It's disingenuous to call North Dakota beer the next big thing. Its scene comprises only 17 of the 6,000+ breweries in the US. But given the tenacity of the brewers, the projected growth of the industry, and across-the-board quality of the beer flowing forth in the state, North Dakota might be the best domestic beer scene we're all sleeping on. As the rest of the country debates whether the craft bubble is bursting, North Dakota's just getting started.  

Experiencing it firsthand might be the key to understanding North Dakota as a whole: the gorgeous landscapes, the excellent food, and the genuinely good people all improve with excellent beer, made with local ingredients that can be traced back to the very malt that forms their foundation. 

And to the naysayers who think North Dakota's all wood chippers, frozen farmland, and roadside dinosaurs? 

"I'm done trying to convert people into believing that Fargo's awesome,” said Bjornstad. “If you come here, you're going to figure it out. This is a place for the people that want it. We're having a blast."

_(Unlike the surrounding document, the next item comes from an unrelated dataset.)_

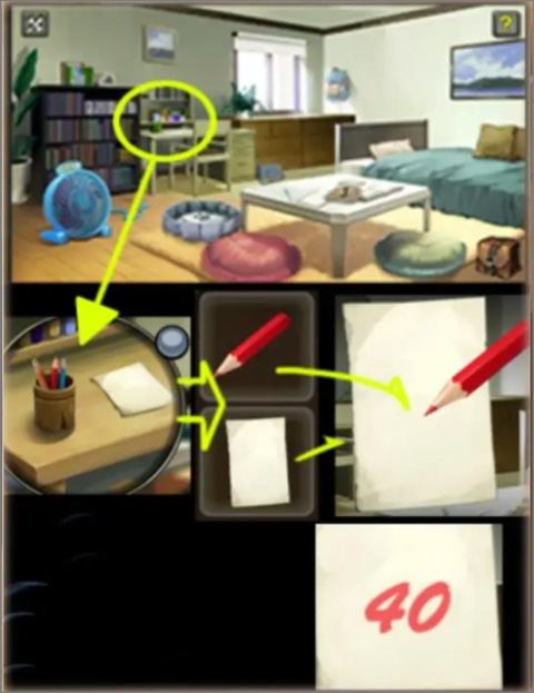 6、回到书桌右边的桌子,上面有纸和笔,拿起来。用笔在纸上写下鞋码,正确的是40,别写成41了。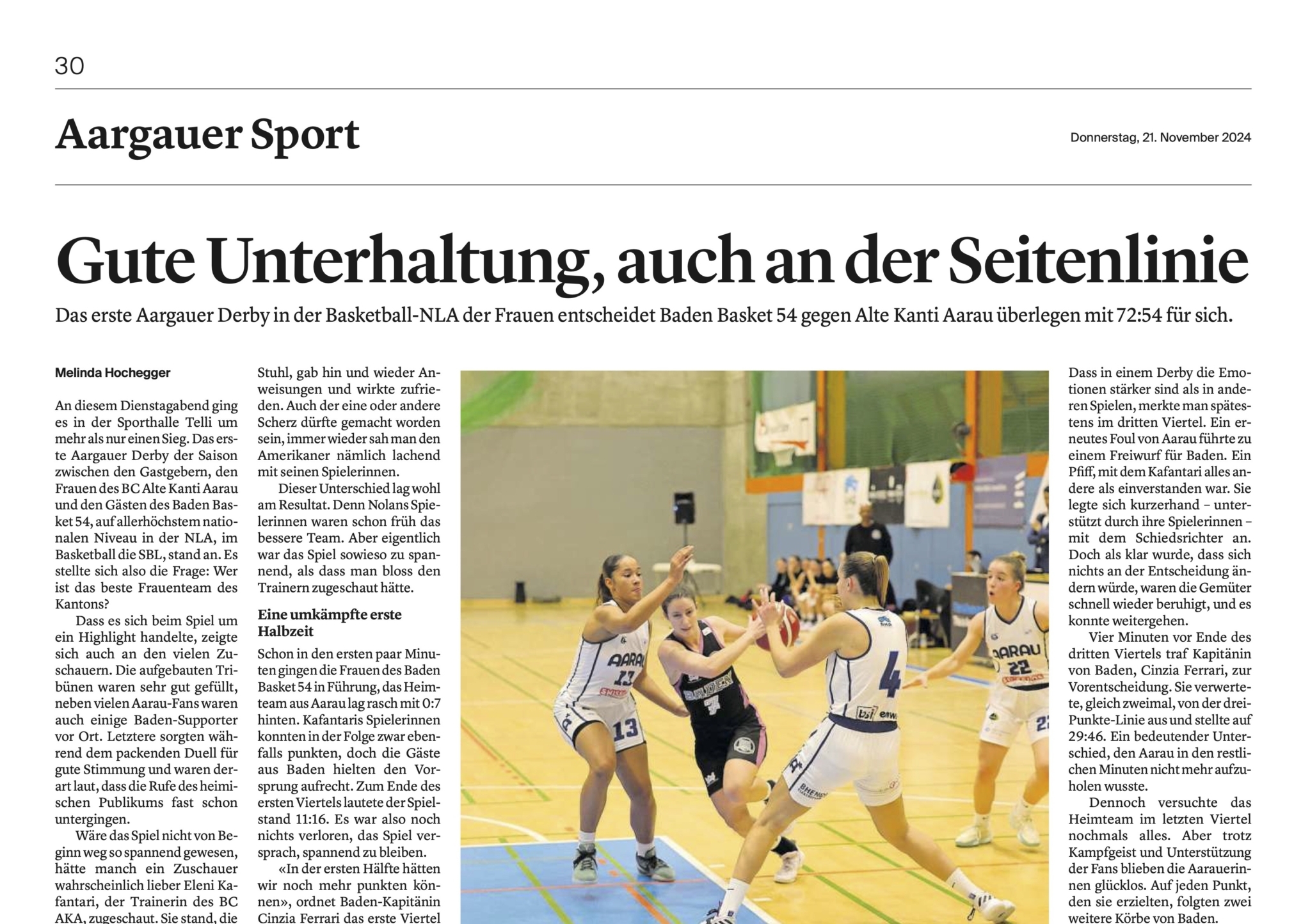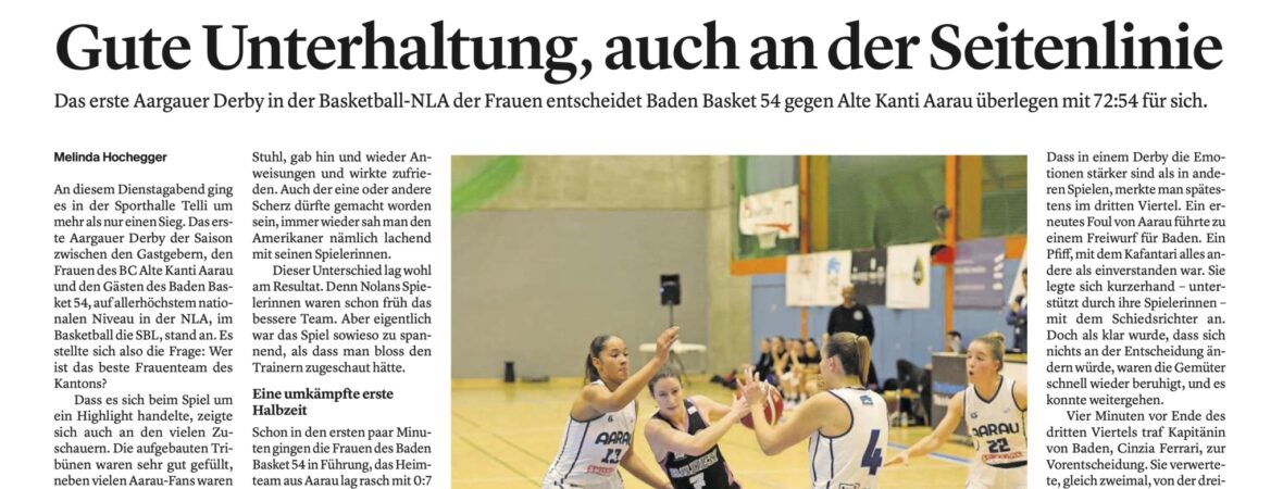 Am 21.11.2024 veröffentlichte das Badener Tagblatt einen Artikel über das Derby des SBLW-Teams gegen BC Alte Kanti Aarau.

Thinking about making the trip? Find an amazing Airbnb near Fargo, ND.

Editor's note: Like the rest of the world, North Dakota's breweries are currently affected by the Covid-19 pandemic. Many local breweries are offering to-go six packs and growlers at their taprooms and via delivery. In the meantime, for a closer look inside Fargo's brewery scene, take virtual tour of local breweries.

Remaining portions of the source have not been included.